Records from a data source =>
= Beginning of Section =

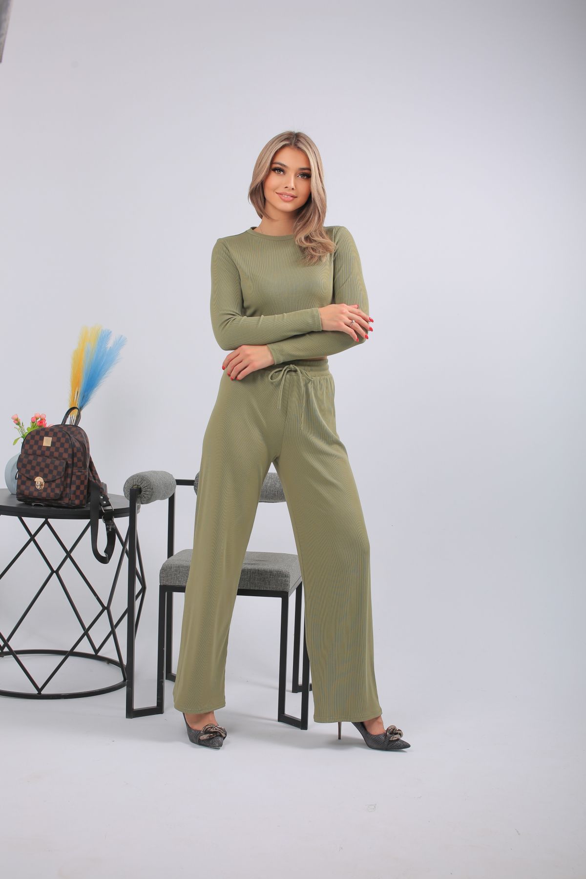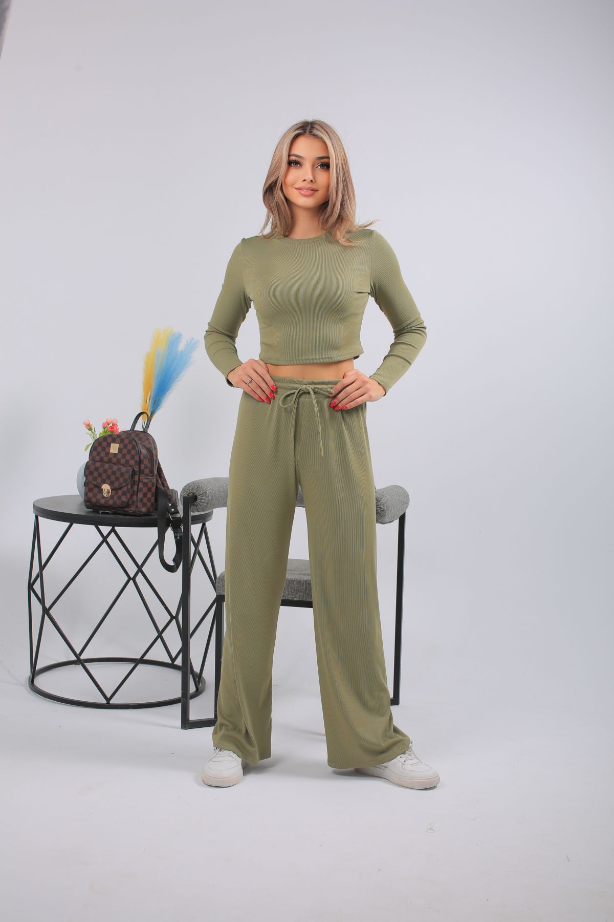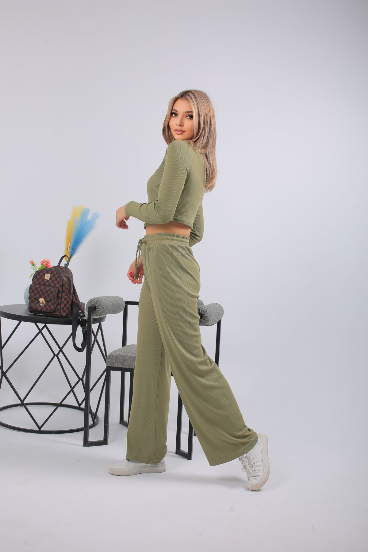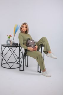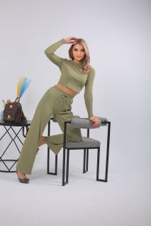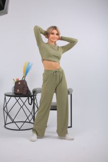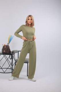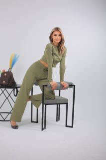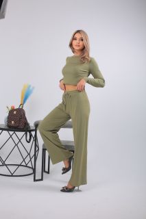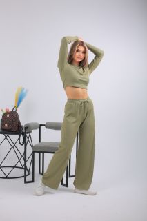 Спортивный костюм в трендовом оливковом оттенке — выбор для тех, кто предпочитает стильный комфорт каждый день. Комплект включает кроп-топ с длинным рукавом и широкие брюки с высокой посадкой на мягкой резинке. Выполнен из лёгкого, эластичного трикотажа с рельефной фактурой. Отлично подойдёт для прогулок, отдыха, поездок или домашнего расслабления. Цвет сдержанный, универсальный, подчёркивающий вкус.
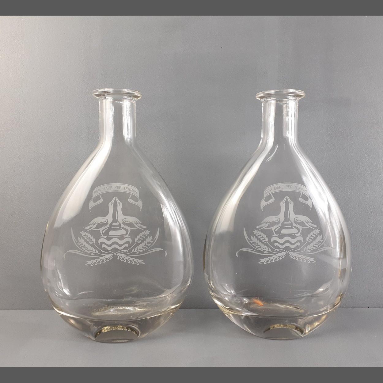Two glass decanters each 23cm without stoppers. Etched 'Per Mare Per Terras' mottos. Royal Marine interest?
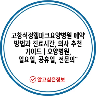 고창석정웰파크요양병원 예약 방법과 진료시간, 의사 추천 가이드 | 요양병원, 일요일, 공휴일, 전문의”
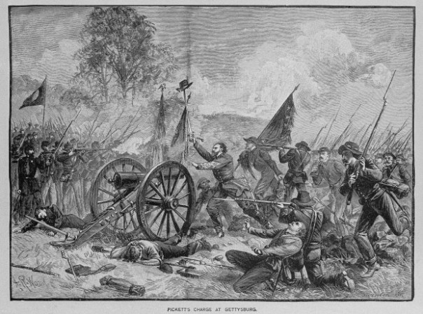 This song loosely describes the events of July 3, 1863, the third day of the battle, and its title refers to Pickett’s Charge, what many believe was the “high tide” of the Confederacy. Like The Killer Angels and Gettysburg, the song describes Pickett’s Charge mostly from Confederate Brigadier General Lewis Armistead’s perspective, with exchanges between General Robert E. Lee and First Corps commander Lt. General James Longstreet. Armistead was a brigade commander in Major General George Pickett’s division, who famously raised his hat on his sword and led a final desperate push into Union lines.
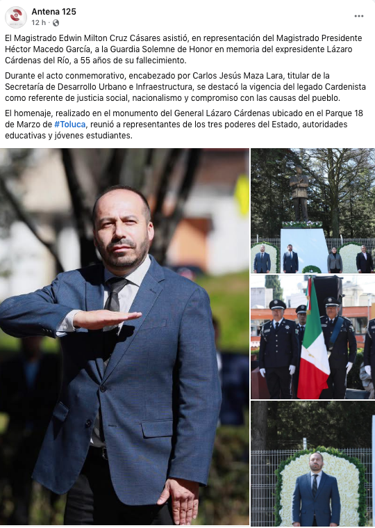 El Magistrado Edwin Milton Cruz asistió a la Guardia Solemne de Honor en memoria del expresidente Lázaro Cárdenas del Río
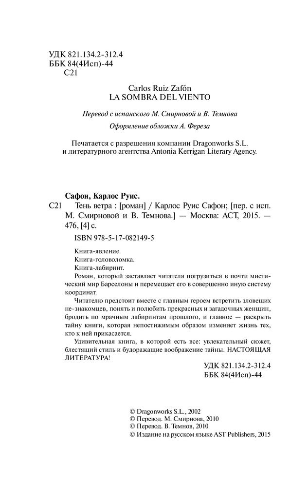 Впервые прочитал этого автора, для меня все испаноязычные писатели и их произведения - как просмотр телесериала, когда мы были маленькими, интересные сюжеты, сложные семейные отношения, внезапные повороты и перипетии судеб, страсть, романтика, страх, мистика все это есть в испаноязычных романах. «Тень ветра» не исключение, читайте не пожалеете!
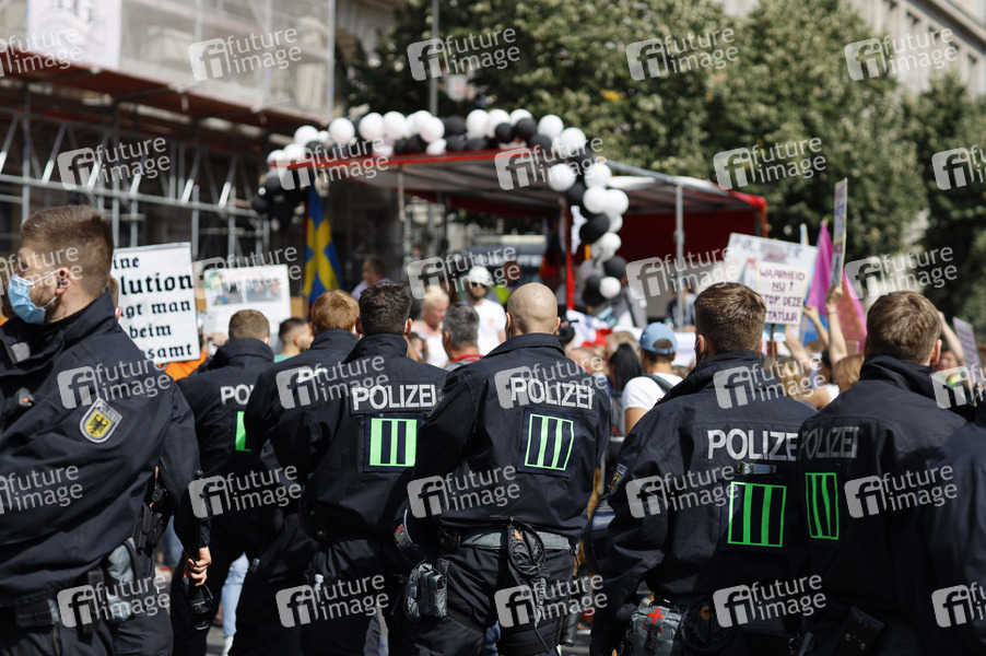 Demonstranten verschiedener Gruppierungen wie etwa der Initiative Querdenken 711 protestierten mit einer Großdemonstration in Berlin gegen die bestehenden Maßnahmen zur Eindämmung der Corona-Pandemie. Wegen Nichteinhaltung der polizeilichen Auflagen wurde die Demonstration durch die Polizei beendet. Es gab Rangeleien und Festnahmen. Berlin, 29.08.2020
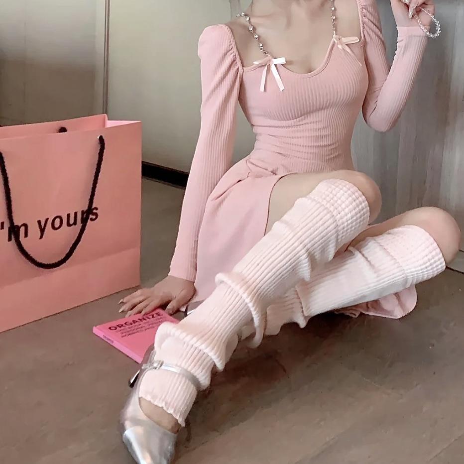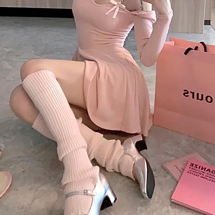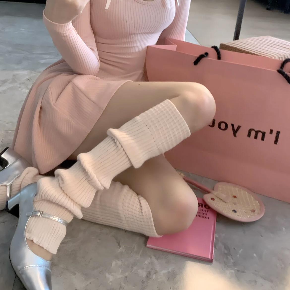 Calcetines de punto de otoño e invierno para mujer, conjuntos de piernas engrosadas, calcetines de pila Lolita, calcetines cálidos hasta la mitad de la pantorrilla, calcetines de pantorrilla blancos japoneses JK
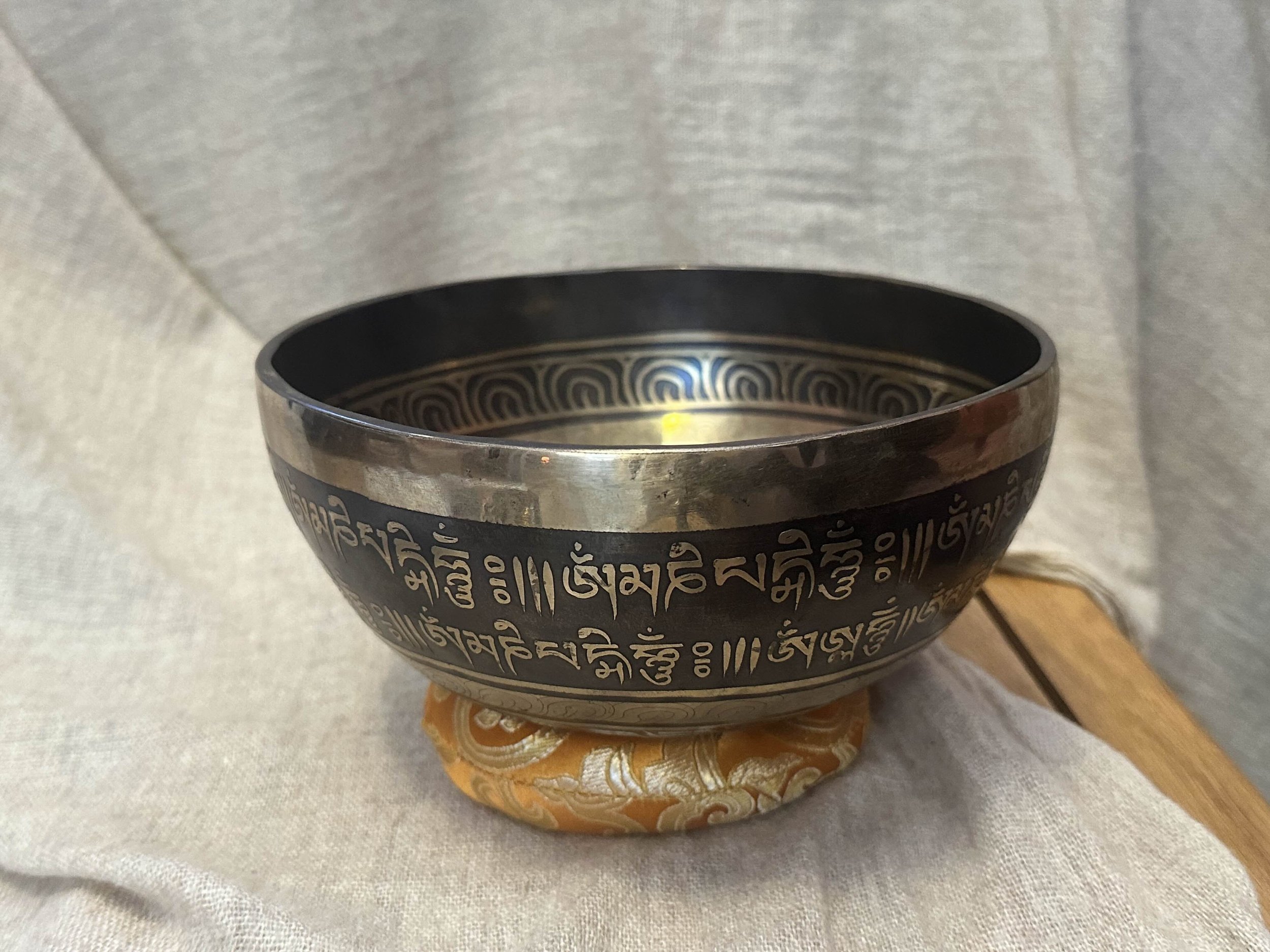 Ručně tepaná mísa z Nepálu zdobená leptanými a barvenými mantrami a ornamenty. Uvnitř jsou vyobrazeny Buddhovy oči, symbol jasného vnímání a osvícení.
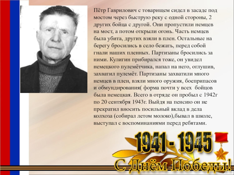 района Саратовской области.. Окончил 3 класса в 1924 году. До войны работал комбайнёром. Во время войны ушёл на фронт. В 26-м пограничном отряде. Попали в окружение в начале войны (осень 41г.). Скрывался от немцев на одном из хуторов (пос. Юдино, Попарского р-на). Как только узнал о партизанах, сразу ушёл к ним, в отряд имени Чапаева. Всего в отряде было около 500 человек. Командир- Кошелёв Василий Иванович. Отрядов действовал в Брянских лесах в Почепском и Стародубском районах. Отряд подчинялся Центральному штабу патризанского движения, имел связь с большой замлёй командир даже летал на самолёте по вызову к И.В. Сталину. Пётр Гаврилович должен был заботится о паре лошадей, на поездке находился пулемётчик с пулемётом Отряд взрывал железные дороги, мосты, совершал нападения на немецких солдат. Особенно важная операция была проведена в 1943г, летом. В ней принимали участие весь отряд. Их задача – взорвать склады в Ромахусовском лесу.
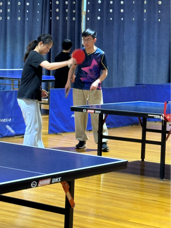 在本周的混合双打比赛中,我方派出了费嘉怡、吴正洋同学。第一局中,因为两位同学在赛前做了充足的准备,他们积极调整状态以应对对方的节奏与发球的变化,但对方实力强劲,连续拿下两局。在第三局中,我方也不甘示弱,逐渐找回了状态。双方在比分不分上下,我方最终成功扳回一局。第四局中我方失误较多,不敌对方,最后以比分1:3遗憾落败。
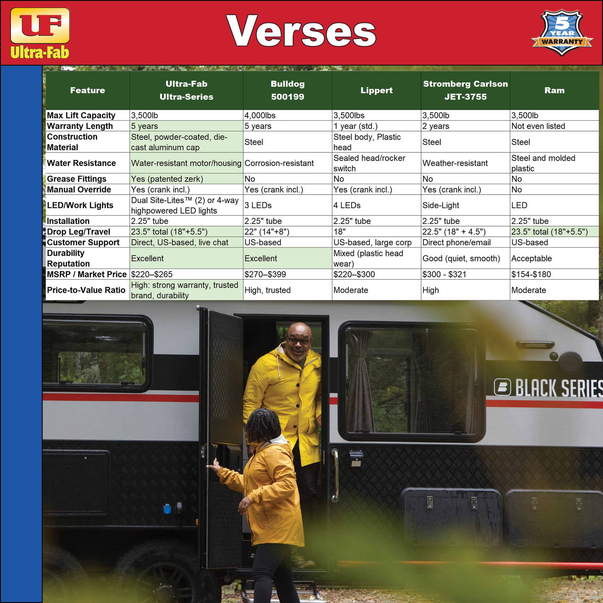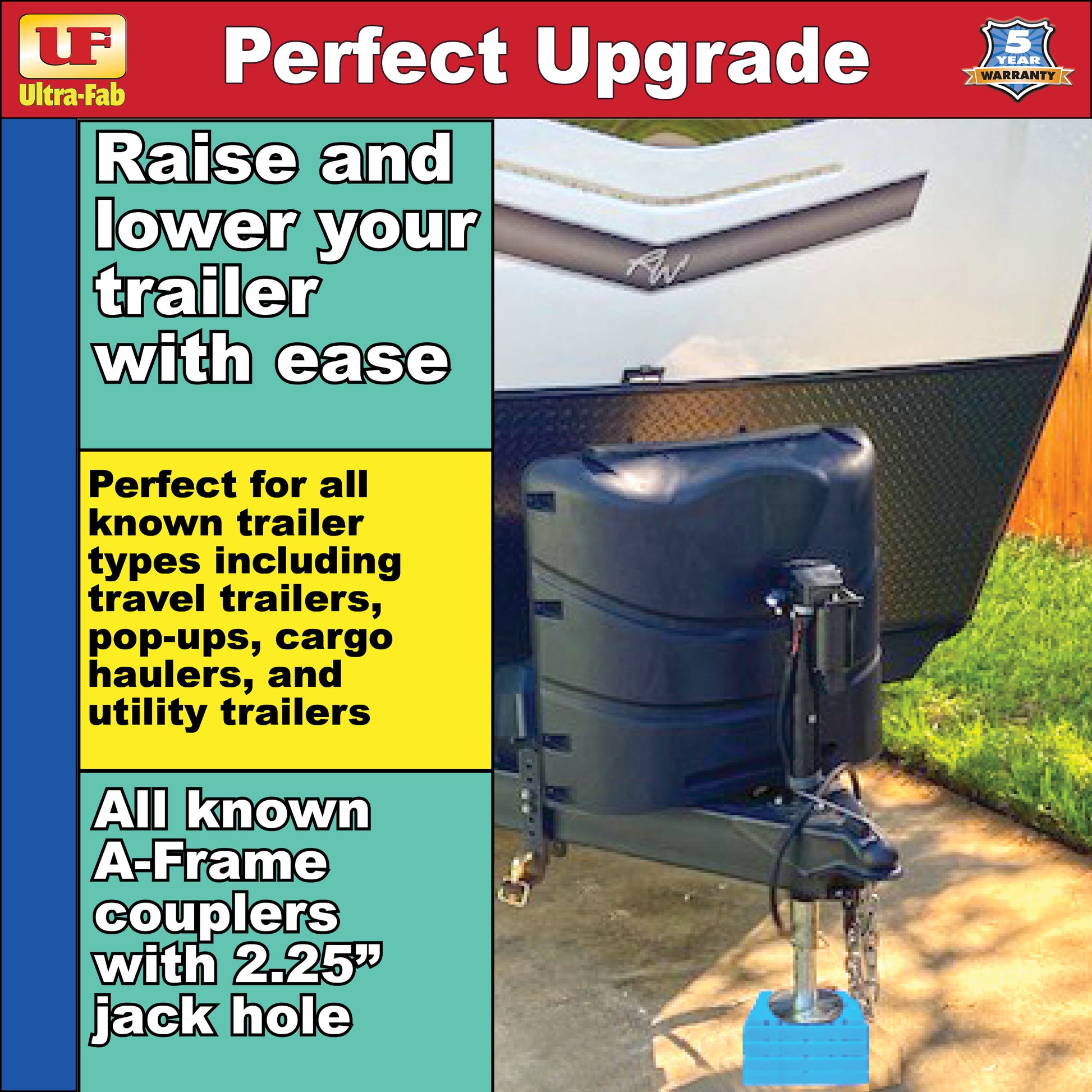 - Heavy-Duty Power You Can Trust – Raise / lower trailer with ease thanks to this 3,500lb capacity electric jack built tough for travel trailers, cargo haulers, and utility trailers with a 2.25” A-frame coupler. Lifts and stabilizes without breaking a sweat.
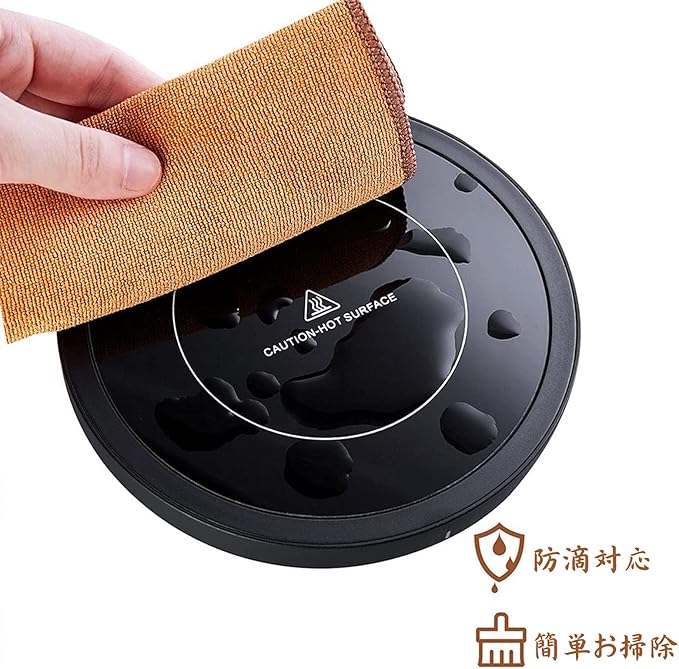 【広い加熱面積】目立ちすぎない黒いガラス面は、大きなカップやマグカップ用に対応できるよう設計されています。加熱面積13cmは、ほとんどのコーヒーカップに対応する大きさです。36Wの電力は、過度の放熱を避けながらも、大きなカップに適しています。防滴仕様となっており、お手入れも簡単です。PTCヒーターは、マグカップの温度を一定に保ち、消費電力も少ないのが特徴。ヒーターチューブと異なり、加熱しても赤くならないので、安全で耐久性に優れています。
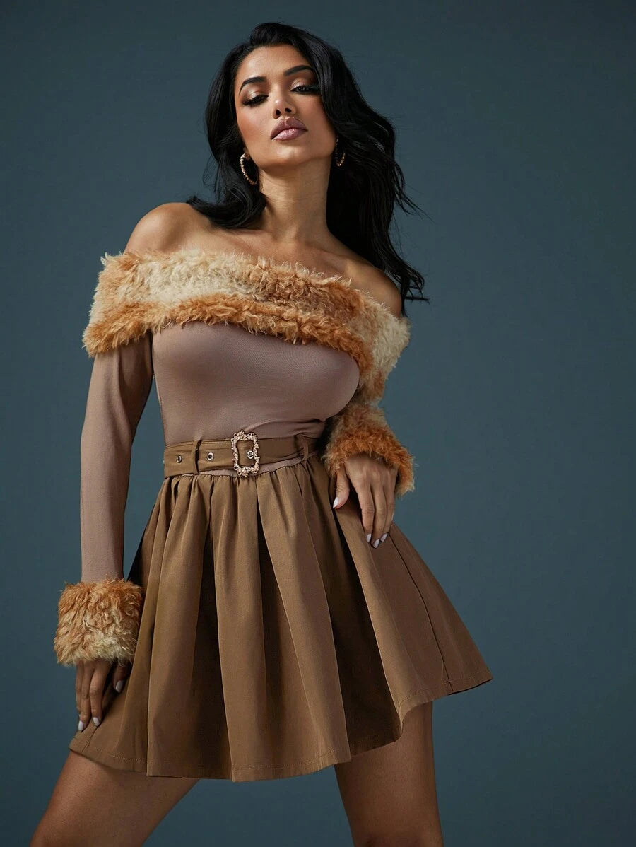 Women Furry Patchwork Off Shoulder Minimalist Mini Dress

= End of Section =

What to work on => Write the records out in full, word for word; leave every picture behind.

Response to this exercise =>
 Спортивный костюм в трендовом оливковом оттенке — выбор для тех, кто предпочитает стильный комфорт каждый день. Комплект включает кроп-топ с длинным рукавом и широкие брюки с высокой посадкой на мягкой резинке. Выполнен из лёгкого, эластичного трикотажа с рельефной фактурой. Отлично подойдёт для прогулок, отдыха, поездок или домашнего расслабления. Цвет сдержанный, универсальный, подчёркивающий вкус.
Two glass decanters each 23cm without stoppers. Etched 'Per Mare Per Terras' mottos. Royal Marine interest?
 고창석정웰파크요양병원 예약 방법과 진료시간, 의사 추천 가이드 | 요양병원, 일요일, 공휴일, 전문의”
 This song loosely describes the events of July 3, 1863, the third day of the battle, and its title refers to Pickett’s Charge, what many believe was the “high tide” of the Confederacy. Like The Killer Angels and Gettysburg, the song describes Pickett’s Charge mostly from Confederate Brigadier General Lewis Armistead’s perspective, with exchanges between General Robert E. Lee and First Corps commander Lt. General James Longstreet. Armistead was a brigade commander in Major General George Pickett’s division, who famously raised his hat on his sword and led a final desperate push into Union lines.
 El Magistrado Edwin Milton Cruz asistió a la Guardia Solemne de Honor en memoria del expresidente Lázaro Cárdenas del Río
 Впервые прочитал этого автора, для меня все испаноязычные писатели и их произведения - как просмотр телесериала, когда мы были маленькими, интересные сюжеты, сложные семейные отношения, внезапные повороты и перипетии судеб, страсть, романтика, страх, мистика все это есть в испаноязычных романах. «Тень ветра» не исключение, читайте не пожалеете!
 Demonstranten verschiedener Gruppierungen wie etwa der Initiative Querdenken 711 protestierten mit einer Großdemonstration in Berlin gegen die bestehenden Maßnahmen zur Eindämmung der Corona-Pandemie. Wegen Nichteinhaltung der polizeilichen Auflagen wurde die Demonstration durch die Polizei beendet. Es gab Rangeleien und Festnahmen. Berlin, 29.08.2020
 Calcetines de punto de otoño e invierno para mujer, conjuntos de piernas engrosadas, calcetines de pila Lolita, calcetines cálidos hasta la mitad de la pantorrilla, calcetines de pantorrilla blancos japoneses JK
 Ručně tepaná mísa z Nepálu zdobená leptanými a barvenými mantrami a ornamenty. Uvnitř jsou vyobrazeny Buddhovy oči, symbol jasného vnímání a osvícení.
 района Саратовской области.. Окончил 3 класса в 1924 году. До войны работал комбайнёром. Во время войны ушёл на фронт. В 26-м пограничном отряде. Попали в окружение в начале войны (осень 41г.). Скрывался от немцев на одном из хуторов (пос. Юдино, Попарского р-на). Как только узнал о партизанах, сразу ушёл к ним, в отряд имени Чапаева. Всего в отряде было около 500 человек. Командир- Кошелёв Василий Иванович. Отрядов действовал в Брянских лесах в Почепском и Стародубском районах. Отряд подчинялся Центральному штабу патризанского движения, имел связь с большой замлёй командир даже летал на самолёте по вызову к И.В. Сталину. Пётр Гаврилович должен был заботится о паре лошадей, на поездке находился пулемётчик с пулемётом Отряд взрывал железные дороги, мосты, совершал нападения на немецких солдат. Особенно важная операция была проведена в 1943г, летом. В ней принимали участие весь отряд. Их задача – взорвать склады в Ромахусовском лесу.
 在本周的混合双打比赛中,我方派出了费嘉怡、吴正洋同学。第一局中,因为两位同学在赛前做了充足的准备,他们积极调整状态以应对对方的节奏与发球的变化,但对方实力强劲,连续拿下两局。在第三局中,我方也不甘示弱,逐渐找回了状态。双方在比分不分上下,我方最终成功扳回一局。第四局中我方失误较多,不敌对方,最后以比分1:3遗憾落败。
 - Heavy-Duty Power You Can Trust – Raise / lower trailer with ease thanks to this 3,500lb capacity electric jack built tough for travel trailers, cargo haulers, and utility trailers with a 2.25” A-frame coupler. Lifts and stabilizes without breaking a sweat.
 【広い加熱面積】目立ちすぎない黒いガラス面は、大きなカップやマグカップ用に対応できるよう設計されています。加熱面積13cmは、ほとんどのコーヒーカップに対応する大きさです。36Wの電力は、過度の放熱を避けながらも、大きなカップに適しています。防滴仕様となっており、お手入れも簡単です。PTCヒーターは、マグカップの温度を一定に保ち、消費電力も少ないのが特徴。ヒーターチューブと異なり、加熱しても赤くならないので、安全で耐久性に優れています。
 Women Furry Patchwork Off Shoulder Minimalist Mini Dress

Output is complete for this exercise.